Monitoring the platform

From the IBM Cloud Pak for Data web client, you can monitor the services that are running on the platform, understand how you are using cluster resources, and be aware of issues as they arise. You can also set quotas on the platform, individual services, and on projects to help mitigate unexpected spikes in resource use.

Accessing the Monitoring page

Required permissions:
To access the Monitoring page, you must have one of the following permissions:
  • Administer platform
  • Manage platform health
  • View platform health
To access the Monitoring page:
  1. Log in to the Cloud Pak for Data web client.
  2. From the navigation menu, select Administration > Monitoring.
From the Monitoring page, you can:
  • See the current resource use (vCPU and memory) for the platform

    If you click the View status and use data arrow on the Platform resource overview card, you can see a breakdown by services, service instances, tool runtimes, data planes, physical locations, pods, and projects.

  • Review the platform resource use for the last 12 hours

    If you click the View historical data arrow on the Platform resource use card, you can see a breakdown by services, service instances, tool runtimes, data planes, physical locations, pods, and projects. You can also view historical data beyond 12 hours. By default, the platform stores up to 30 days of data. However, you can adjust the length of time that data is retained. For details, see Changing the retention period for IBM Cloud Pak for Data monitoring data.

    Platform resource use information includes pods from physical locations, if there are physical locations associated with the Cloud Pak for Data instance.

  • Access at-a-glance platform monitoring
  • View events and alerts
  • Configure and enforce quotas

At-a-glance platform monitoring

From the Status summary column on Monitoring page, you can see the status of the following items on the platform:
Available cards Status information Get more detailed information
Services

Services are software that is installed on the platform. Services consume resources as part of their regular operations.

From the Monitoring page, you can see:
  • How many services are installed on the platform
  • The number of services that have either:
    • A service instance in a failed state
    • A pod in a failed or unknown state
  • The number of services that have either:
    • A service instance in a pending state
    • A pod in a pending state
Click the Services card to see:
  • The historical vCPU and memory use for all services

    You can optionally filter the graph to show a single service.

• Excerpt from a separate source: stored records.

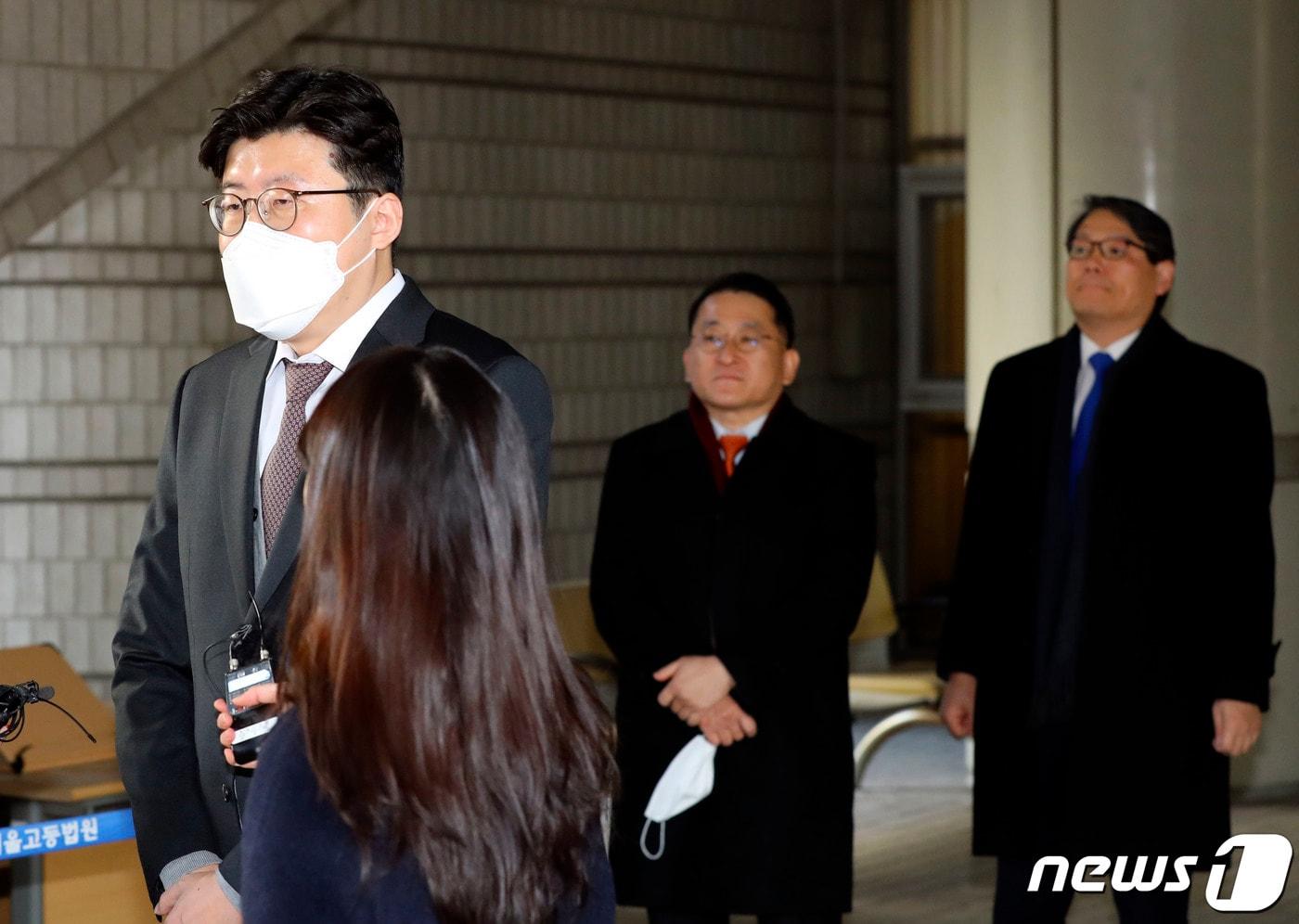 김학의 전 법무부 차관의 출국 시도를 불법으로 금지한 혐의로 재판에 넘겨진 이규원(왼쪽부터) 검사와 차규근 전 법무연수원 연구위원, 이광철 전 청와대 민정비서관이 15일 서울 서초구 서울중앙지법에서 열린 직권남용권리행사방해(직권남용) 관련 1심 선고 공판에서 판결 뒤 법원을 나와 발언하고 있다. (공동취재)2023.2.15/뉴스1 ⓒ News1 박세연 기자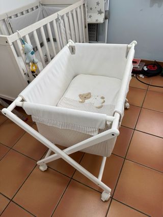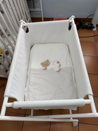Se venden dos minicunas blancas para bebé, ideales para los primeros meses. Una con fundas en tonos camel y la otra con fundas en tonos azul bebé. - Color blanco. - Diseño moderno y funcional.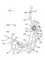 Referring first toFIGS. 1-4, a first embodiment of the present invention is generally identified by thereference numeral100. Referring particularly toFIG. 1, aframe199 rotatably supports acrank disk110 atcrank axle115. Ahandle bar rocker140 is rotatably connected to afront stanchion198 of theframe199 atshaft141. Ahandle bar142 is rigidly connected to thehandle bar rocker140. A lower distal end of thehandle bar rocker140 is rotatably connected to a forward distal end of alongitudinal foot member120 atshaft143. Afoot platform122 is rigidly connected to thefoot member120. Acrank roller136 is rotatably secured to a crankshaft133 and supports thefoot member120 thereon. Thecrank roller136 is generally in rolling contact with arace121 of thefoot member120.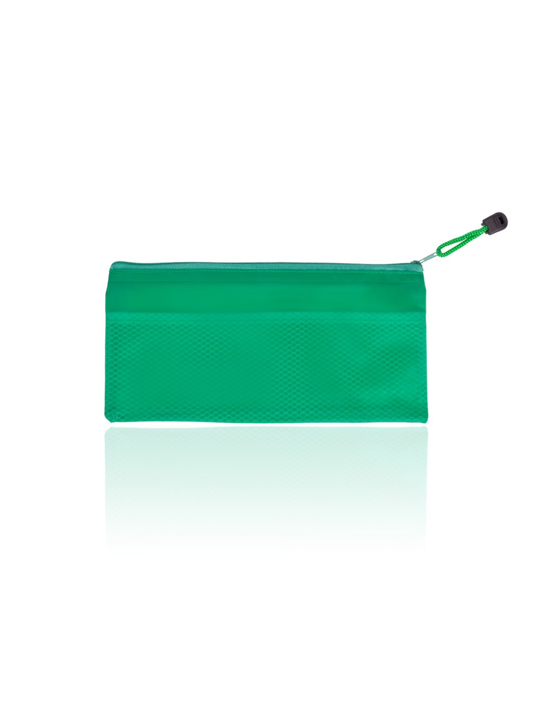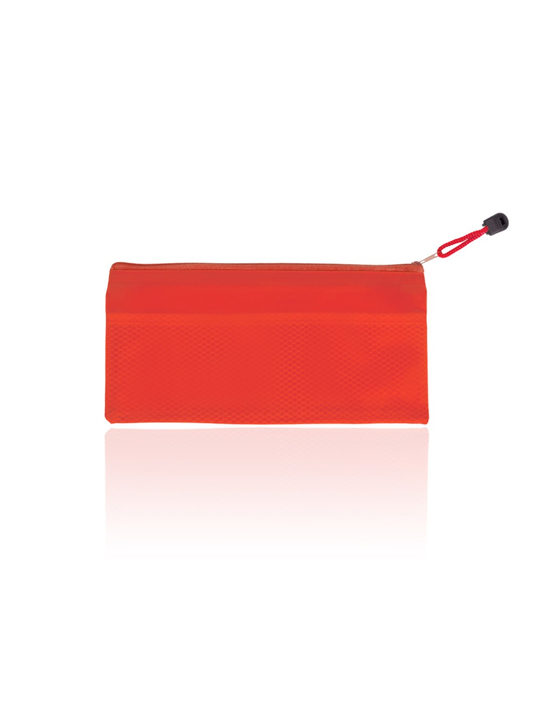 Estuche de cremallera con suave cuerpo acabado en PVC de viva gama de colores. Con cinta a juego en tirador para fácil apertura.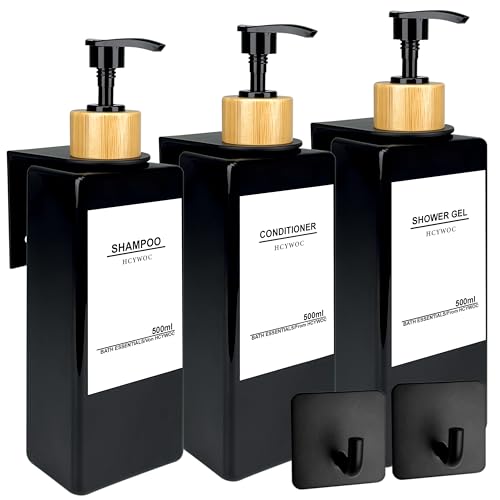 HCYWOC 3 Pièces Distributeur Savon Mural sans Percage, Distributeur de Savon Mural avec 32 Étiquettes Imperméables, 500ml Distributeur Gel Douche Mural, Distributeur Savon Salle de Bain, Noir Bambou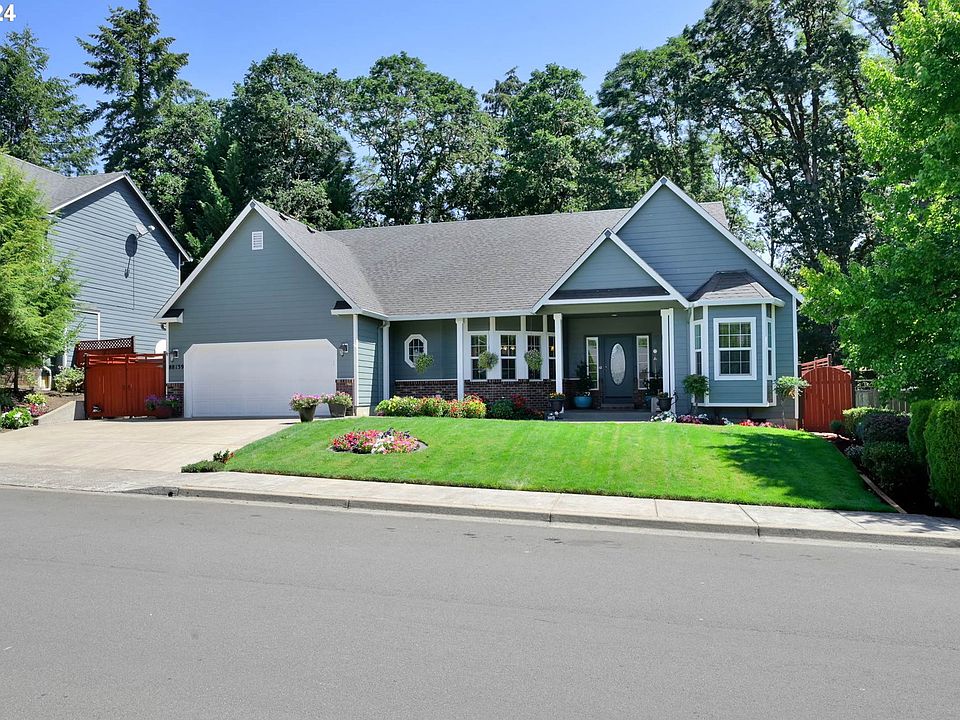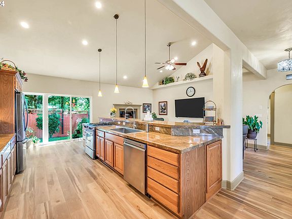 Meticulously cared for contemporary home with gorgeous features throughout! Upon entering, you are greeted by vaulted ceilings, arched doorways, tasteful, luxury vinyl plank flooring and a fantastic open floor plan! Living room has an electric fireplace that can operate with or without heat. Kitchen features high end granite counters, a huge island with a gas range and stainless-steel built-in dishwasher, microwave and refrigerator. 2023-installed, sizeable, stainless steel kitchen sink. Seller converted a nearby closet for pantry use. Lovely primary suite with tray ceiling, gorgeous remote controlled ceiling fan, window seat and a large bathroom with double sinks, walk-in closet, and a 6 x 6 custom made walk-in shower with 3 shower heads!! Pleasing floorplan with 2 additional bedrooms on opposite side of house featuring high ceilings and ultra-soft carpets. Laundry room has built-in storage and a utility sink. Central vacuum system! Private, fenced backyard has a 4-person hot tub, raised flower beds, Japanese Maple trees and a large toolshed. Absolutely beautiful curb appeal and in a well-cared for neighborhood! Parking pad on side of house! Close to schools, restaurants & shopping and Fern Ridge Lake. 20 minutes to downtown Eugene! This home is a must see to appreciate all of its special features.
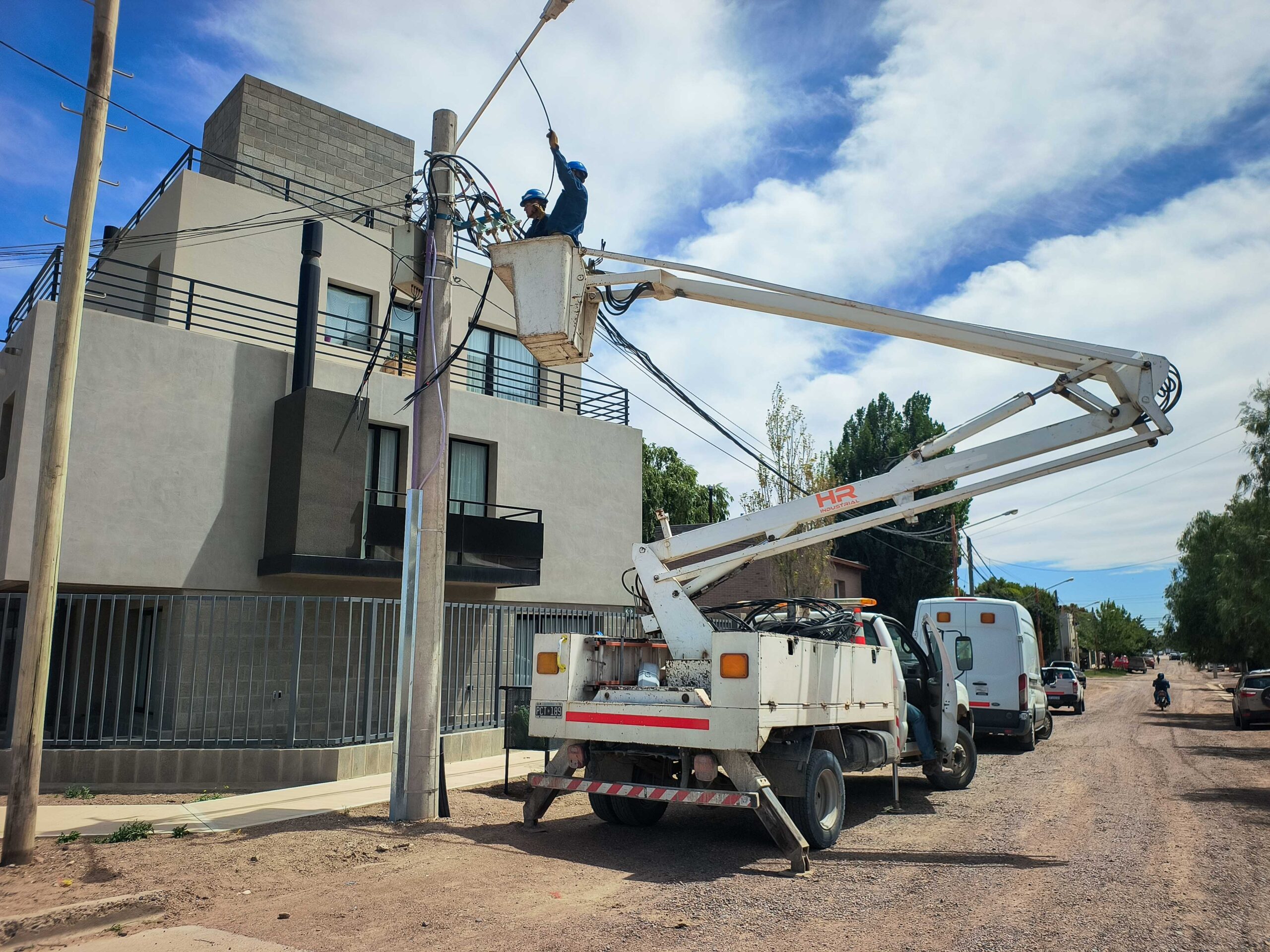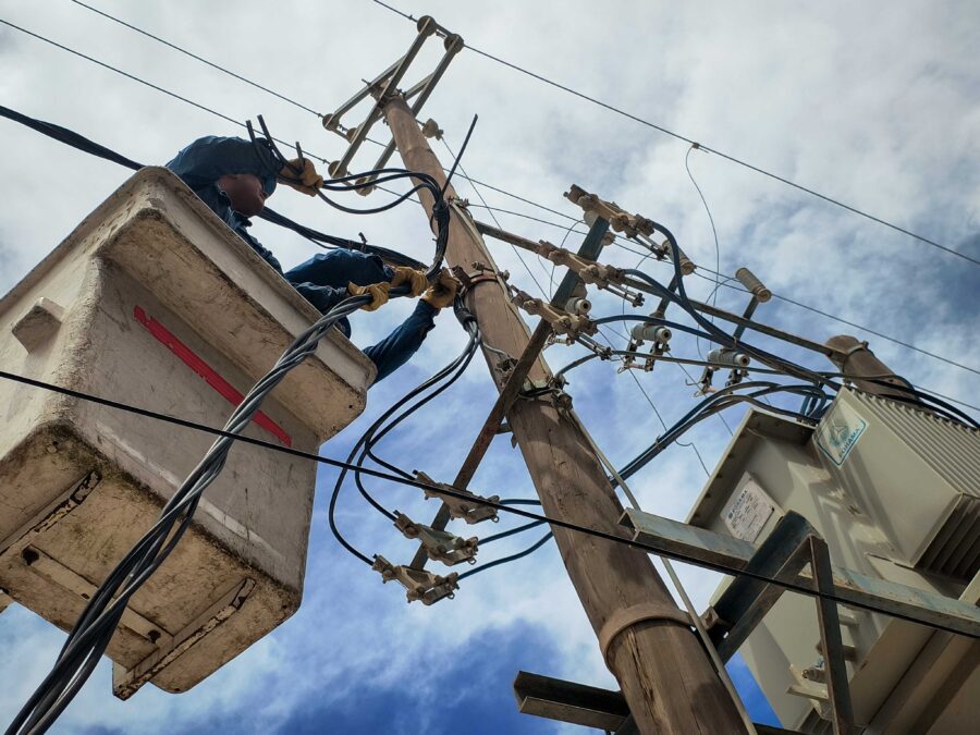 Nuestro personal de Energía, luego de ejecutadas las nuevas obras subterráneas de energía, realizó tareas de reconfiguración de redes aéreas de baja tensión, con el fin de equilibrar cargas entre las diferentes subestaciones de la zona de influencia, en la intersección de Mathews y Victoria de Eizaguirre.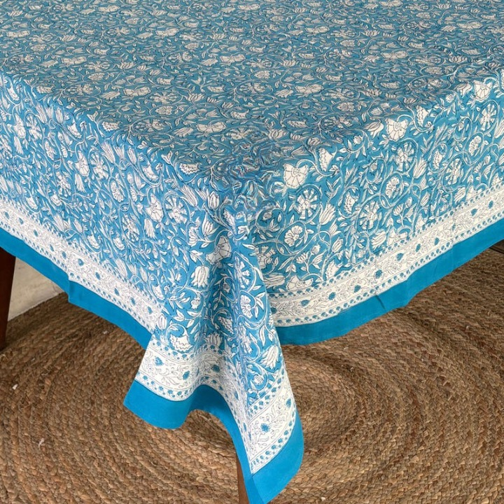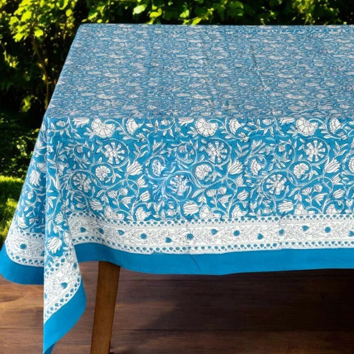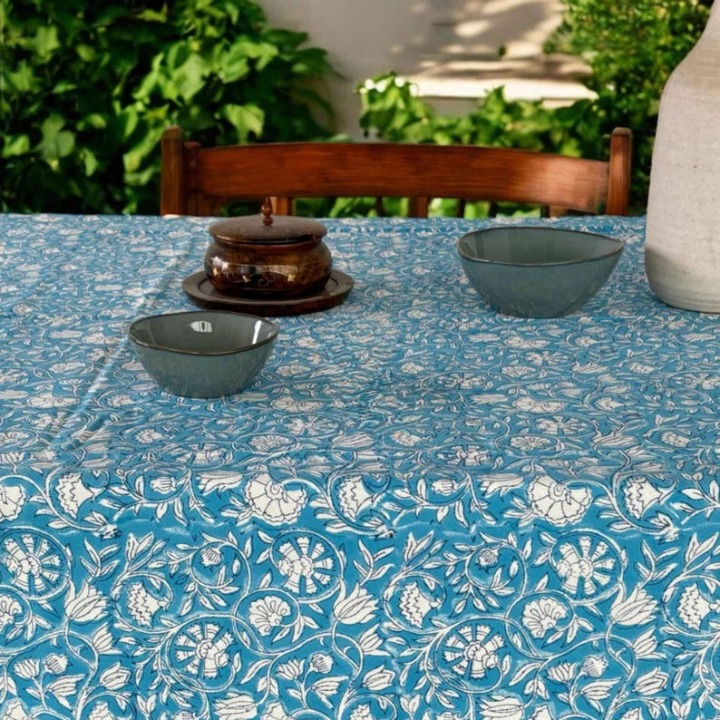 Mantel de comedor estampado a mano azul y blanco, mantel indio estampado a mano, juego de cubierta de mesa de lino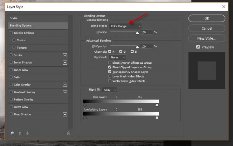 Copy and paste it to our document and set its blend mode to “Color Dodge”: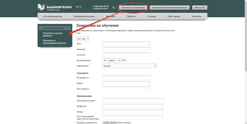 Подать заявление на обучение или выдачу дубликата стало проще и удобнее30 апреля 2021На сайте учебного центра «Башнефтехим» появился раздел обращений.

  • The status (or health) of each service
  • The number of service instances, environments, and jobs that are associated with the service (if applicable)
  • The vCPU quota status and the memory quota status (if set)
You can optionally configure the table to show:
  • The current vCPU use, requests, and limits
  • The current memory use, requests, and limits
You can select a service to see:
  • The historical vCPU and memory use for the service
  • The pods that are associated with the service
  • The pods with the highest vCPU and memory use for the service
  • The vCPU and memory quotas for the service (if set)
Service instances

Some services can be deployed multiple times after they are installed. Each deployment is called a service instance.

Service instances consume resources as part of their normal operations.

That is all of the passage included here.